Le Grand volant s’approche d’un numéro de trapèze, avec ses deux chaises balançoires installées d’un bout à l’autre du chapiteau et sur laquelle les acrobates s’élancent.

«Le numéro est tellement grand que le filet est accoté, d’un côté comme de l’autre, sur la paroi de la tente. Plus loin que ça, on est dehors», dit Benoît Mathieu en riant.

Chaque soir, une trentaine de personnes, allant des artistes aux placiers, sont nécessaires pour étendre le filet d’un bout à l’autre du chapiteau.

«La première fois qu’on a monté le filet, ça nous a pris 45 minutes. En spectacle, il faut le faire en une minute et demie ou deux minutes», dit M. Mathieu.

ÉPARGNÉ PAR LA CRISE

Le spectacle compte aussi un numéro de fil mou, une sorte de corde molle sur laquelle un acrobate chinois se promène, parfois même en équilibre sur un unicycle.

«L’artiste qui fait le numéro utilise son propre équipement, alors il fallait en refaire un identique pour les besoins du spectacle. Nous sommes allés en Chine et on l’a fait.»

Ovo présente également un numéro de contorsion dans une toile d’araignée, un autre de rebond avec des trampolines et un large mur d’escalade, ainsi qu’un numéro d’équilibriste.

Comme pour Kooza, la commande était de concevoir un spectacle qui soit moins lourd à transporter d’une ville à l’autre.

«On utilise beaucoup de poulies et moins de mécanismes. C’est plus facile à transporter, c’est plus léger et on a moins besoin d’entretien», explique Benoît Mathieu.

Comme les autres spectacles de tournée, le budget de Ovo oscille entre 25 millions et 30 millions.

«On a été relativement chanceux parce qu’au moment où la crise économique a frappé, le spectacle était déjà très avancé», note le directeur de production.

AUCUNE LIGNE DROITE

La scénographie du spectacle a, quant à elle, été confiée à un autre Brésilien, Gringo Cardia, collaborateur de longue date de Deborah Colker.

«La scène devient l’endroit où vivent les insectes», décrit-il.

La scène a vaguement la forme d’un triangle aux coins arrondis.
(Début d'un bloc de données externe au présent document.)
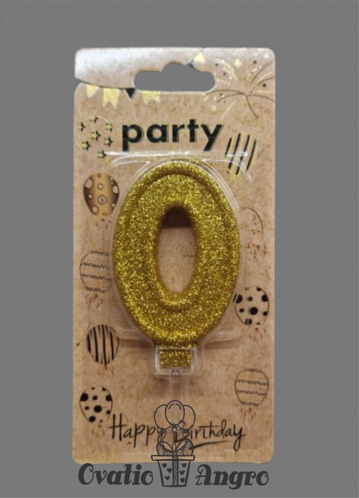 Lumanare cifra 0 aurie cu sclipici

Tout au fond, un grand mur de 19 mètres de large sur huit mètres de hauteur est le terrain de jeu des acrobates qui y grimpent, s’y réfugient et l’utilisent comme une scène à la verticale.

D’énormes membranes trouées (la plus grande mesure 24 mètres de large sur 17 mètres de haut) tapissent le fond de la scène.

«Je voulais qu’il n’y ait aucune ligne droite, note M. Cardia. Je ne voulais que des courbes, plus organiques, qui reflètent davantage le monde des insectes», dit-il en précisant n’avoir utilisé que des couleurs de terre, comme le brun et le vert, pour ses créations.

Gringo Cardia a aussi conçu une énorme fleur qui déploie ses pétales sur scène pour les besoins d’un numéro de corde lisse. «Je voulais contaminer l’espace scène au grand complet pour que les spectateurs se sentent eux aussi dans le monde des insectes», dit-il.

Une chute d’eau est aussi recréée sur scène avec de la glace sèche, dont l’effet évoque aussi la rosée du matin.